Dosimetric Analysis of Respiratory-Gated Radiotherapy for Hepatocellular Carcinoma

Abstract

The purpose of this study was to define individualized internal target volume (ITV) for hepatocellular carcinoma (HCC) using 4D computed tomography (4DCT), and to determine the geometric and dosimetric benefits of respiratory gating. Gross tumor volumes (GTVs) were contoured on 10 respiratory phases of 4DCT images for 12 patients with HCC. Three treatment plans were prepared using different planning target volumes (PTVs): (1) PTV_3D, derived from a single helical clinical target volume (CTV) plus conventional margins; (2) PTV_{10 phases}, derived from ITV_{10 phases}, which encompassed all 10 CTVs plus an isotropic margin of 0.8 cm; (3) PTV_gating, derived from ITV_gating, which encompassed three CTVs within gating-window at end-expiration plus an isotropic margin of 0.8 cm. The PTV_3D was the largest volume for all patients. The ITV-based plans and gating plans spared more normal tissues than 3D plans, especially the liver. Without increasing normal tissue complication probability of the 3D plans, the ITV-based plans allowed for increasing the calculated dose from 50.8 Gy to 54.7 Gy on average, and the gating plans could further escalate the dose to 58.5 Gy. Compared with ITV-based plans, the dosimetric gains with gating plan strongly correlated with GTV mobility in the craniocaudal direction.
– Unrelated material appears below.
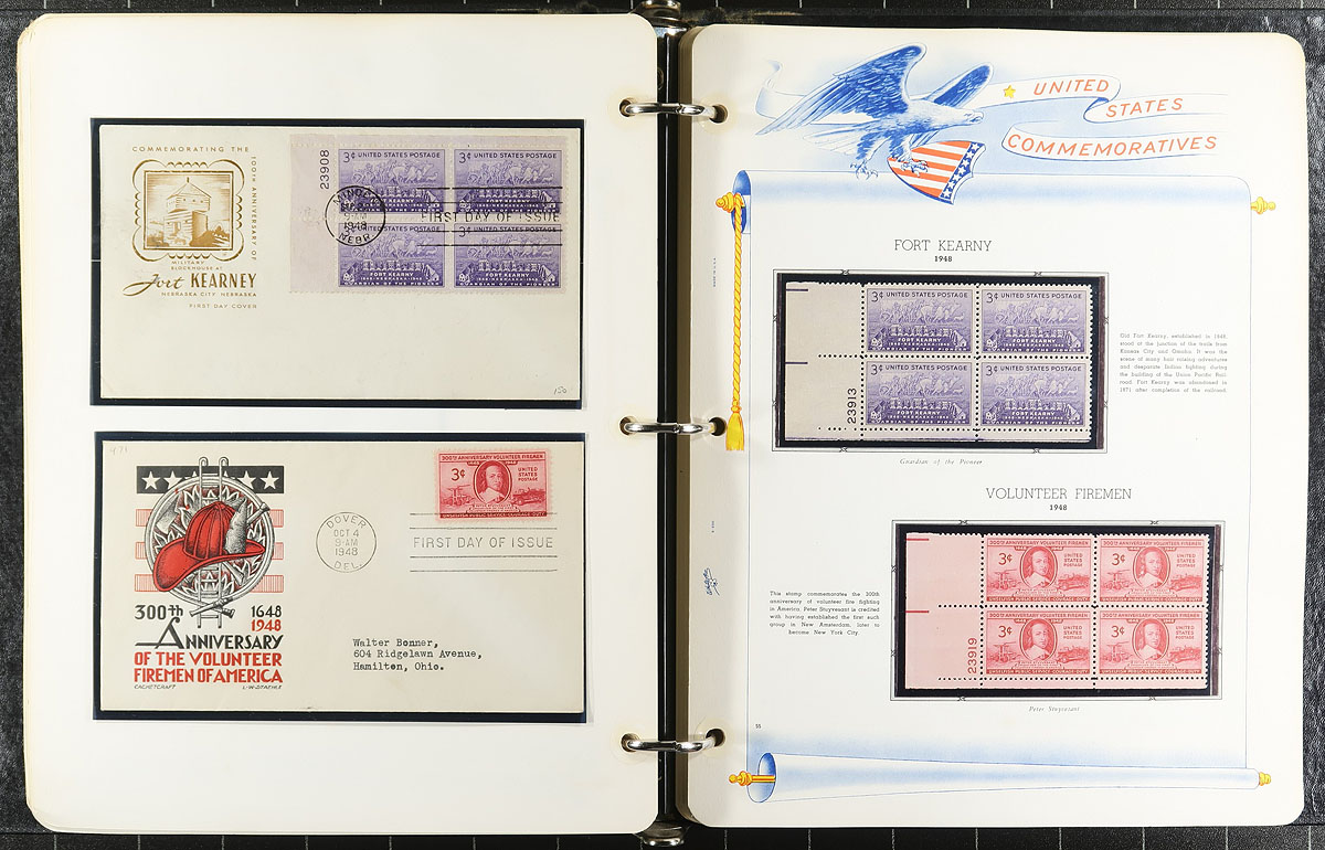 Clean collection of United States never hinged plate blocks and first day covers, 1938-1952, in roughly 100 White Ace album pages housed in 2 binders. The collection ranges from Scott #799/1016, including 1940 Famous Americans sets, along with a few airmail issues. The collection also includes roughly 100 first day covers in hingeless mounts on opposite pages. A nice clean lot that should be expanded. Owner's older 2006 Scott US Specialized US$1,030.00 =

The ITV-based plans can ensure target coverage with less irradiation of normal tissues compared with 3D plans. Respiratory-gated radiotherapy can further reduce the target volumes to spare more surrounding tissues and allow dose escalation, especally for patients with tumor mobility >1 cm.

Introduction

One of the main difficulties in accurate targeting of liver tumor is respiration-induced internal target motion, which contributes to uncertainty in both imaging, treatment planning, and delivery of radiotherapy.¹ Compared with conventional helical computed tomography (CT), the technology of 4D computed tomography (4DCT) is a potential strategy to reduce respiratory motion effects.² 4DCT permits individualized assessment of tumor mobility and generates internal target volume (ITV), which could substantially reduce the planning target volume (PTV) while safely covering the target.3, 4, 5 The 4DCT technique can also allow planning of respiration-gated radiotherapy (RGRT), which enables smaller target volumes to be used because irradiation is limited to chosen phases of the breathing cycle.6, 7 Both methods have the potential to reduce normal tissue irradiation while providing effective tumor dose coverage. Recently, many studies on the use of 4DCT data for treatment of lung cancer have been reported; however, there are few reports on liver cancer. The purpose of this study is to determine the geometric and dosimetric benefits of respiratory gating on hepatocellular carcinoma (HCC).